Several homoleptic (complexes with only one kind of ligand) complexes have been characterized by X-ray crystallography. The inventory includes octahedral complexes [M(NO2)6](3-), where M = Co (Sodium cobaltinitrite) and Rh. Square-planar homoleptic complexes are also known for Pt(II) and Pd(II). The potassium salts of [M(NO2)4](2-) (M = Zn, Cd) feature homoleptic complexes with four O,O-bidentate nitrite ligands.

==Synthesis of nitrito complexes==
Traditionally metal nitrito complexes are prepared by salt metathesis or ligand substitution reactions using alkali metal nitrite salts, such as sodium nitrite. At neutral pH, nitrite exists predominantly as the anion, not nitrous acid.

Metal nitrosyl complexes undergo base hydrolysis, yielding nitrite complexes. This pattern is manifested in the behavior of nitroprusside:
[Fe(CN)5NO](2-) + 2 OH- → [Fe(CN)5NO2](4-) + H2O

==Reactions of nitrito complexes==
Some anionic nitrito complexes undergo acid-induced deoxygenation to give the nitrosyl complex.
[L_{n}MNO2]- + H+ → [L_{n}MNO]+ + OH-
The reaction is reversible in some cases.

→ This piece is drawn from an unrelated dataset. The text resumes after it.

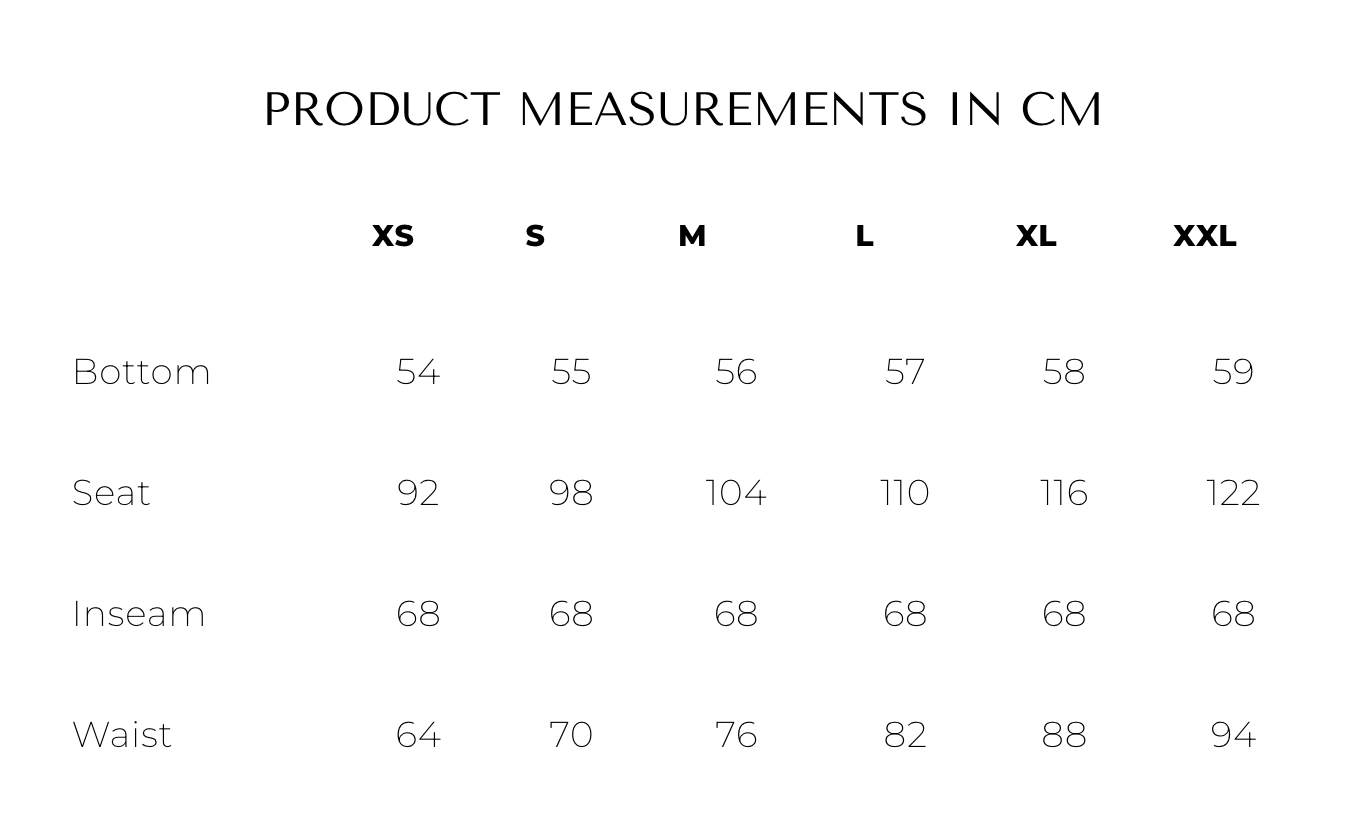 Innerben-lengde (inseam): ca 68 cm i alle størrelser (34–44), som gir en normal til litt kortere benlengde (rett og myk bukse – ikke superlang)

Thus, one can generate nitrito complexes by base-hydrolysis of electrophilic metal nitrosyls.

Nitro complexes also catalyze the oxidation of alkenes.

==Bioinorganic chemistry==
Metal nitrito complexes figure prominently in the nitrogen cycle, which describes the relationships and interconversions of ammonia up to nitrate. Because nitrogen is often a limiting nutrient, this cycle is important. Nitrite itself does not readily undergo redox reactions, but its metal complexes do.

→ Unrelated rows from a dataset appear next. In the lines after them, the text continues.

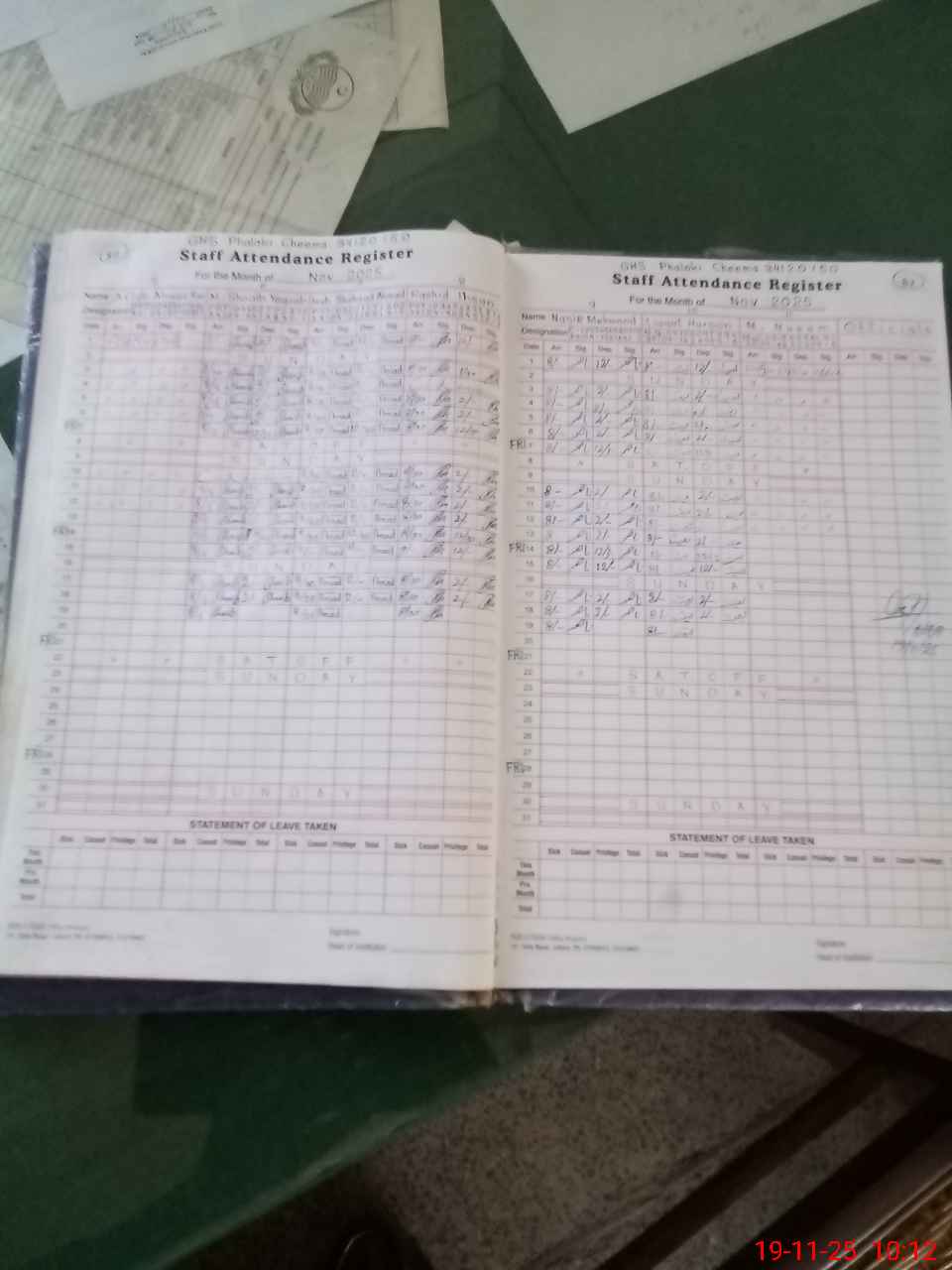 | CNIC | Full Name | Designation | R/C | Absence During Last Calender Month |
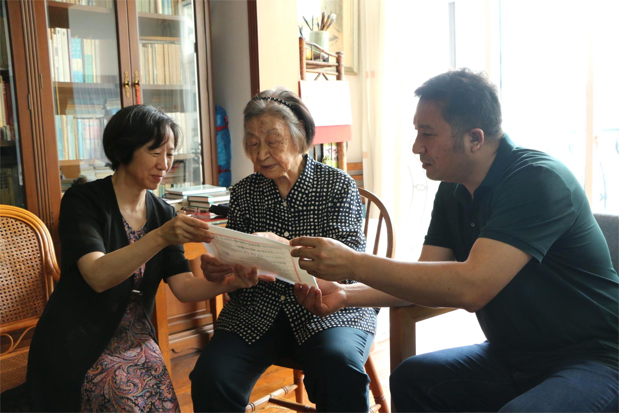 于漪老师从教70多年,长期躬耕于中学语文教育,退休之后依然为教育奔忙,虽已95岁高龄,但仍精神矍铄。她看到江苏的家乡人来访非常高兴,表示对家乡有着深厚的感情。“选择教师,就选择了高尚,选择了与国家前途、人民命运紧密相连休戚与共的事业……,同学们要有高昂的志趣,锲而不舍积极向上的精神,立下强教有我的宏伟志,学得立德树人的真本领,砥砺学识,健壮体魄,发挥潜在力量和创造智慧,成长为德智体美劳全面发展有才干、有责任担当的中国特色社会主义基础教育的中坚力量。深深的祝福,殷切的期盼”在书香浓郁的客厅里,于漪老师面带微笑、饱含深情地读着自己写给成人片
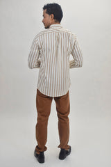 This Suit Sartoria shirt is crafted from lightweight fabric with a retro-inspired horizontally striped design in cream and brown for a timeless look. Cut for a slim fit, it features a classic button-up closure and long sleeves for a smart, professional look. Pair with Suit Sartoria Brown Slim Fit Stretch Chino Pant for a semi-formal ensemble, apt for date night or the office, striking the right balance between sophistication and style.
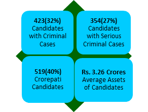 • Candidates with Serious Criminal Cases: 354(27%) have declared serious criminal cases against themselves.

===Oxidation to nitrate===
The molybdenum-containing enzyme nitrite oxidoreductase catalyzes the oxidation of nitrite to nitrate:
NO2− + H2O → NO3− + 2 H+

===Reduction===
The heme-based enzyme nitrite reductase catalyzes the conversion of nitrite to ammonia. The cycle begins with reduction of an iron-nitrite complex to a metal nitrosyl complex.

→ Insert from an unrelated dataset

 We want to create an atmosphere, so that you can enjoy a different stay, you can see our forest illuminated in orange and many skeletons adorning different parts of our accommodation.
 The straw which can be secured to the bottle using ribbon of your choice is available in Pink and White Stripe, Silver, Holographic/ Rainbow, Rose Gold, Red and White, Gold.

The copper-containing enzyme nitrite reductase (CuNIR) catalyzes the 1-electron reduction of nitrite to nitric oxide. The proposed mechanism entails the protonation of a κ^{2O,O}-NO_{2}-Cu(I) complex. This protonation induces cleavage of an N–O bond, giving a HO–Cu–ON center, which features a nitric oxide ligand O-bonded to Cu(II) (an isonitrosyl).

==Related compounds==
- NH4[Co(NO2)4(NH3)2], "Erdmann's salt".